Dataset extract
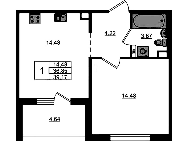 - Площадь кухни14,48 м2
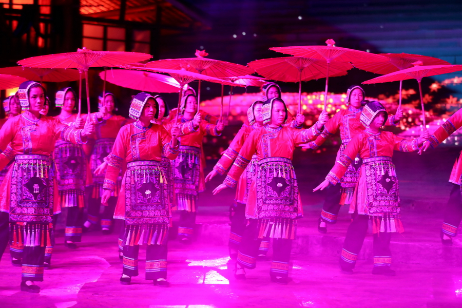2月15日,中国首部侗族风情大型实景演出《坐妹》在三江侗族自治县侗乡鸟巢剧院开启新春首演。演员们倾情演绎侗乡原汁原味的歌舞、耕织、服饰、婚恋等缤纷风情,吸引众多游客前往观赏,让八方游客乐享侗乡浓郁独特的文化魅力。
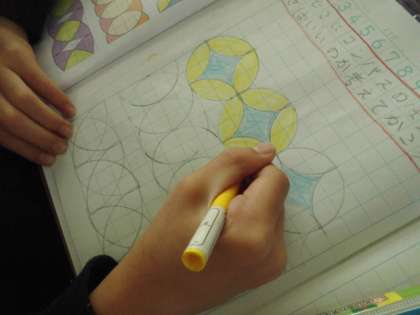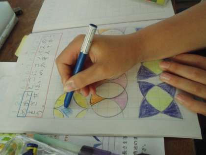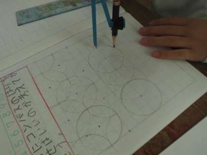 算数科『円と球』で、コンパスを使った模様づくりの学習をしました。子どもたちは、円の中心の位置を考えながら、集中して取り組んでいました。
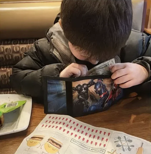 The photograph shows him at the table, carefully counting his chore money, planning how to pay for the meal and tip. He’s six years old and taking this as seriously as any adult would. Because to him, this isn’t practice. This is real. This is how you treat someone you love. This is what respect looks like in action.
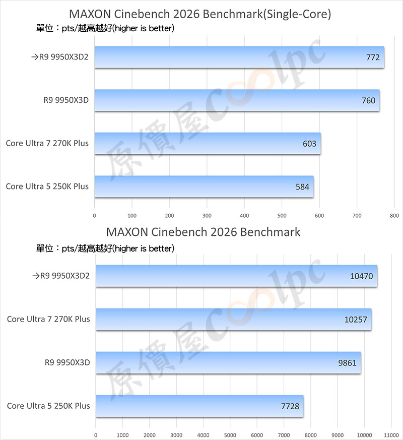 CINEBENCH 2026 主要測試 CPU 渲染性能,測試效能數字越高越好。目前最具權威的重負載生產力指標,模擬電影級光影運算,分數越高代表專業 3D 渲染與影視後期的等待時間越短。
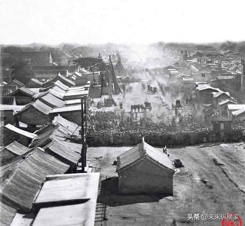 这张照片是1860年英法联军攻陷北京时拍摄的,摄影师站在安定门城楼上,向北方望去,可以看到城墙外的一片繁华。街上有很多人,有的在走路,有的在围观,有的在买卖。街道两旁是一些低矮的房屋,有的是正规的建筑,有的是私自搭建的棚屋,占用了很多空间,显得杂乱无章。从这张照片中,可以看出当时北京的市容市貌是多么的差劲。
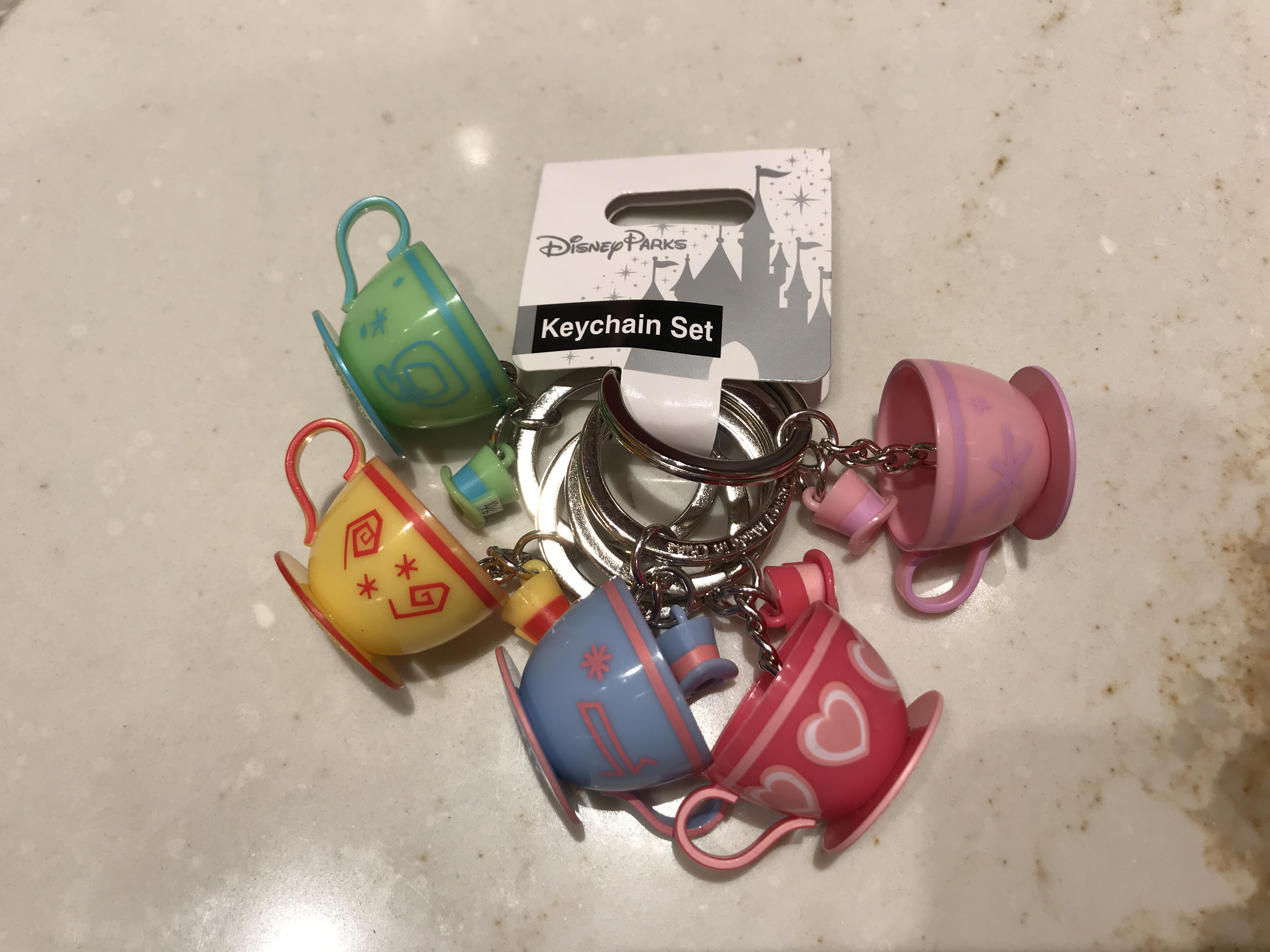 With the next keychain set, you have enough teacups to make a tea party! Each keychain has a plastic teacup modeled after the iconic Mad Tea Party attraction and a small Mad Hatter hat in a corresponding color. The keychains come in various pastel shades.
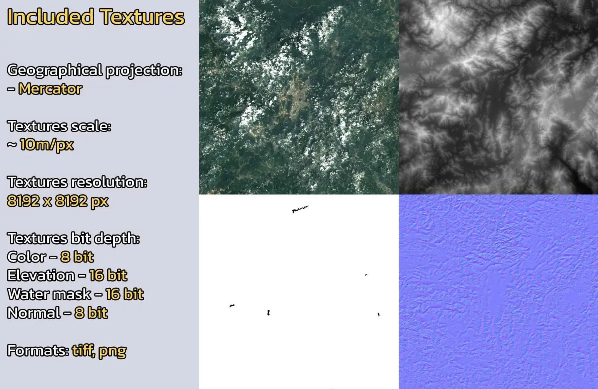 Warning: minor clouds/artifacts may be present on the diffuse color satellite texture due to the nature of the dataset. Check product images.
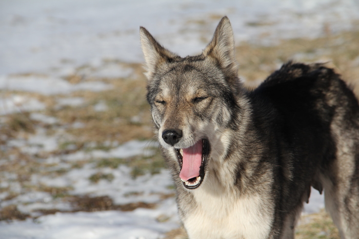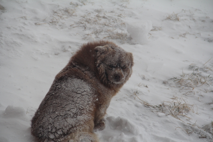 Добрались до Фунтика. Шерсть прекрасно позволяет переносить холода.

What you should do
Where the line holding "Warning: minor clouds/artifacts" appears, start copying, and continue exactly through the last line of the listing, both ends included, skipping the pictures.

Answer
 Warning: minor clouds/artifacts may be present on the diffuse color satellite texture due to the nature of the dataset. Check product images.
 Добрались до Фунтика. Шерсть прекрасно позволяет переносить холода.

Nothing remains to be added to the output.